第9話 結良と朱里
「つかまえてって? え、ちょっと待ってよ……」
「朱里ちゃん?」
「
朱里は少し青ざめた顔で、結良の方に振り返る。
T字路から見える見通しの良い一本道には、右にも左にも勇太の姿は見えない。
「……だよね」
ゾッとしながら結良はうなずいた。
『なんで、朱里が来るんだよ! おまえが呼んだのか?』
勇太の幽霊も本体を追えなかったのか、結良の隣に来てブツブツ言っている。
結良は仕方なく、もう一度うなずいた。
「あの……朱里ちゃん?」
「なに? 転校生のあんたが、勇太の事で話があるってどういう事?」
朱里は、にらむようにじっと結良を見ている。
家を出る前に、結良は電話で朱里をここに呼び出した。でも、ちゃんと説明する時間がなくて、来てくれるかどうかは賭けだった。

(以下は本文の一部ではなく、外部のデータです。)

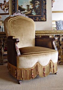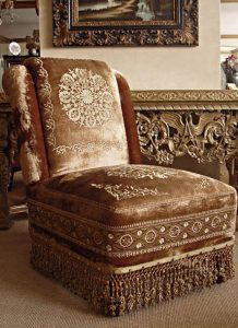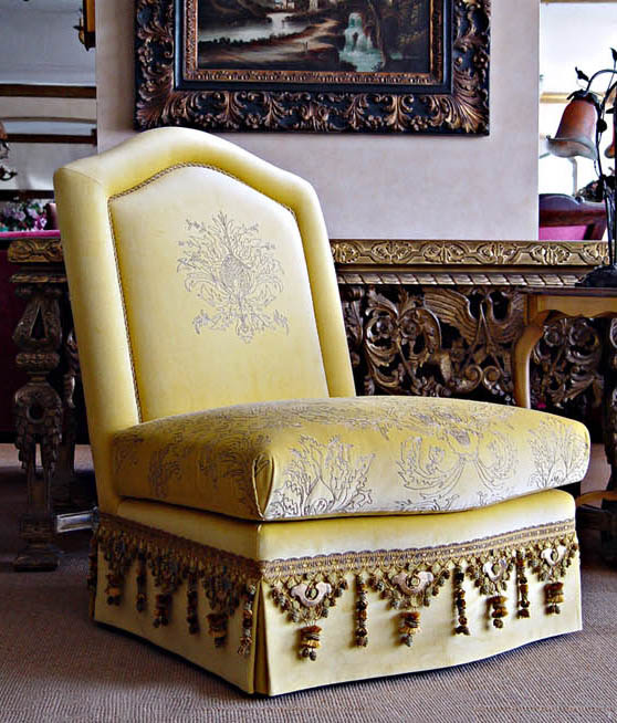 In addition to the woodwork, the woven textiles include upholstery, curtains, embroidery, and a special section for the production of French galon. Recently, the factory adopted computer-powered machines in order to implement large scale projects.

「あのね、長くなるけど、最初から話すから聞いてくれる?」
結良がそう言った時、畑の方から声がした。
「結良ちゃんじゃないか! こんな雨の中で何やってるんだい? おやおや、二人ともずぶぬれじゃないか」
「あっ、牧田のおじさん……」
「こんな所で話をするなら、うちで雨宿りしていきな。夏だっていうのに今日は肌寒いくらいだ。濡れたままにしとくと風邪ひくよ」
牧田のおじさんの言う通り、地面に倒れた結良も朱里もびしょびしょだった。
朱里がスッと離れて行こうとしているのに気づき、結良はとっさに彼女の手をつかんだ。
「ありがとう。それじゃ雨宿りさせてもらいます!」
「いいとも。自転車も忘れずに持っておいで」
牧田のおじさんはそう言って、畑の中の道を歩き出す。
「とりあえず雨宿りさせてもらおうよ。話はそこでするからさ」
朱里にそう提案したとき、チリンと鈴の音がして、結良の足元に冷たい水しぶきが飛び散った。
「冷たっ!」
足元を見ると、結良の足に子猫がすり寄っていた。
「あ、ごめんっ! 忘れてた!」
ケヤキ塚にカゴを置いたままだったことを思い出し、結良は子猫を抱き上げた。
「あっ、その猫……」
「この子は昨日ケヤキ塚で拾ったの。オキっていうのよ」
「あたしも……おとといの夜、見た。けど……その猫、死にそうだった……」
朱里は泣きそうな顔で子猫を見ている。
転校生の結良にとって、朱里はクラスの中でも話しかけにくい、ちょっと怖そうな女の子だった。でもそれは、彼女のことを何も知らないせいだったのだ。
(ほんとは優しい子なんだ)
結良は、朱里の隠れた一面を知ってちょっぴり嬉しくなった。
「あたしが拾った時も、死にそうだった。実はこの猫も、勇太くんに関係があるの」
「えっ?」
朱里が戸惑ったような目で、結良を見返す。
「おじさんちに行ってから話す。行こう!」
結良は朱里に手を差し伸べた。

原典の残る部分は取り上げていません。